You are viewing a plain text version of this content. The canonical link for it is here.

Posted to user@mahout.apache.org by Pradhuman Jhala <Pr...@fox.com> on 2008/12/03 00:07:25 UTC

sparse matrix format

Hi,
 
I am looking for documentation on the input format, particularly, the sparse matrix format, supported by various supervised & unsupervised algorithms available in Mahout. It looks like 'sparse matrix format' is supported, but I am not able to find details of it. 
 
While looking at the way kmean clustering uses org.apache.mahout.matrix package, it seems, it expects data in the 
"[sM+2, index_1:value_1, index_2:value_2, ...., index_M:value_M, ] format, for it be considered as 'sparse'. Just wondering if this is correct and consistant across all clutering algorithms. 
 
thanks.
Pradhuman

Re: sparse matrix format

Posted by Jeff Eastman <jd...@windwardsolutions.com>.

Hi Pradhuman,

All of the clustering algorithms use our vector implementation, and the 
actual class used (Sparse or Dense) should depend upon the encoding 
format used. If you write a preprocessor job to get your input vectors 
in the right format before running a clustering job on them I suggest 
using the SparseVector implementation.

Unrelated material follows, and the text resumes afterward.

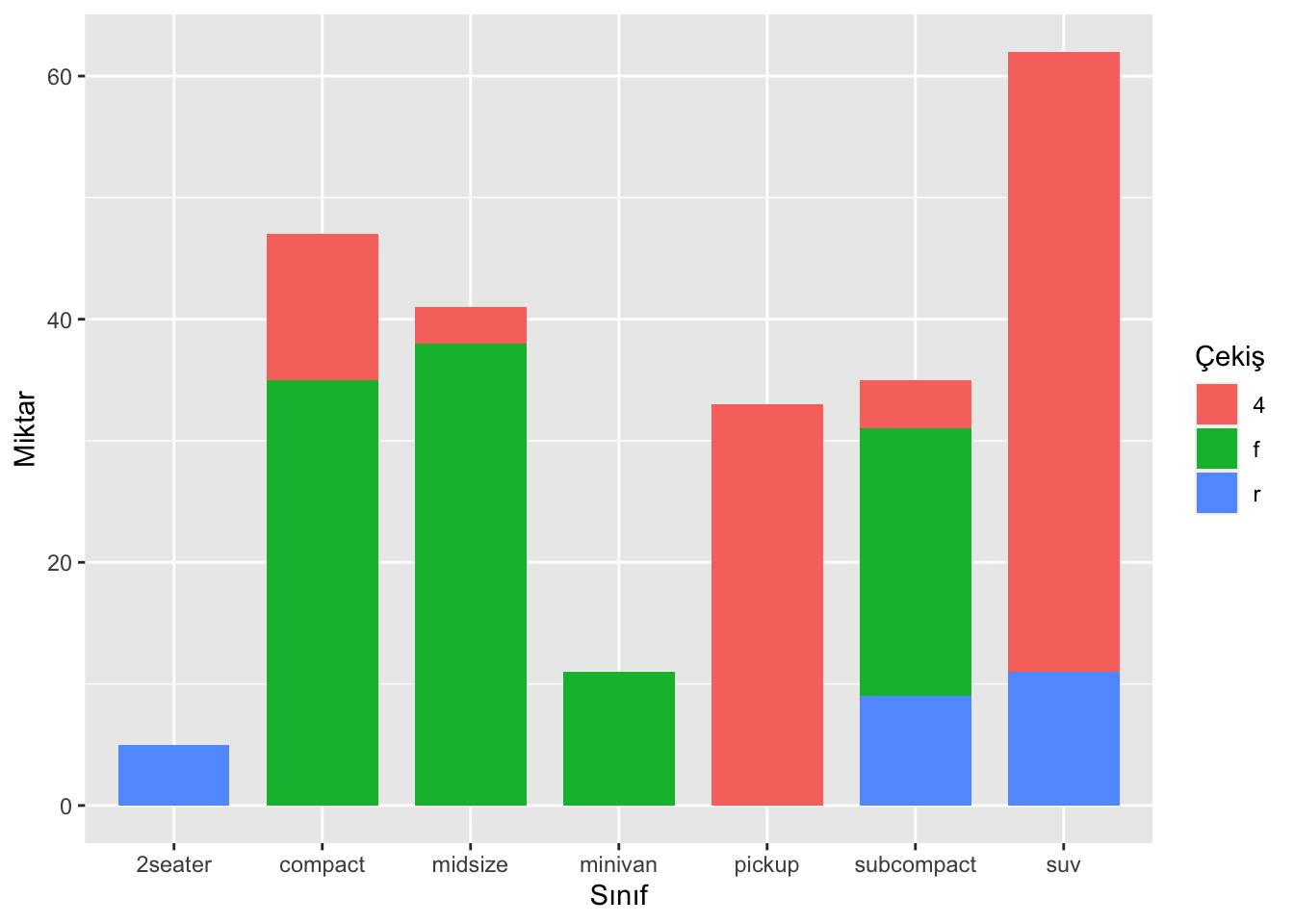 labs(x = "Sınıf", y = "Miktar", fill = "Çekiş")

It will serialize itself in a 
manner similar to your example (though I'd expect to see just '[sM, ' 
where M is the cardinality of the vector).

Jeff

Pradhuman Jhala wrote:
> Hi,
>  
> I am looking for documentation on the input format, particularly, the sparse matrix format, supported by various supervised & unsupervised algorithms available in Mahout. It looks like 'sparse matrix format' is supported, but I am not able to find details of it. 
>  
> While looking at the way kmean clustering uses org.apache.mahout.matrix package, it seems, it expects data in the 
> "[sM+2, index_1:value_1, index_2:value_2, ...., index_M:value_M, ] format, for it be considered as 'sparse'. Just wondering if this is correct and consistant across all clutering algorithms. 
>  
> thanks.
> Pradhuman 
>
>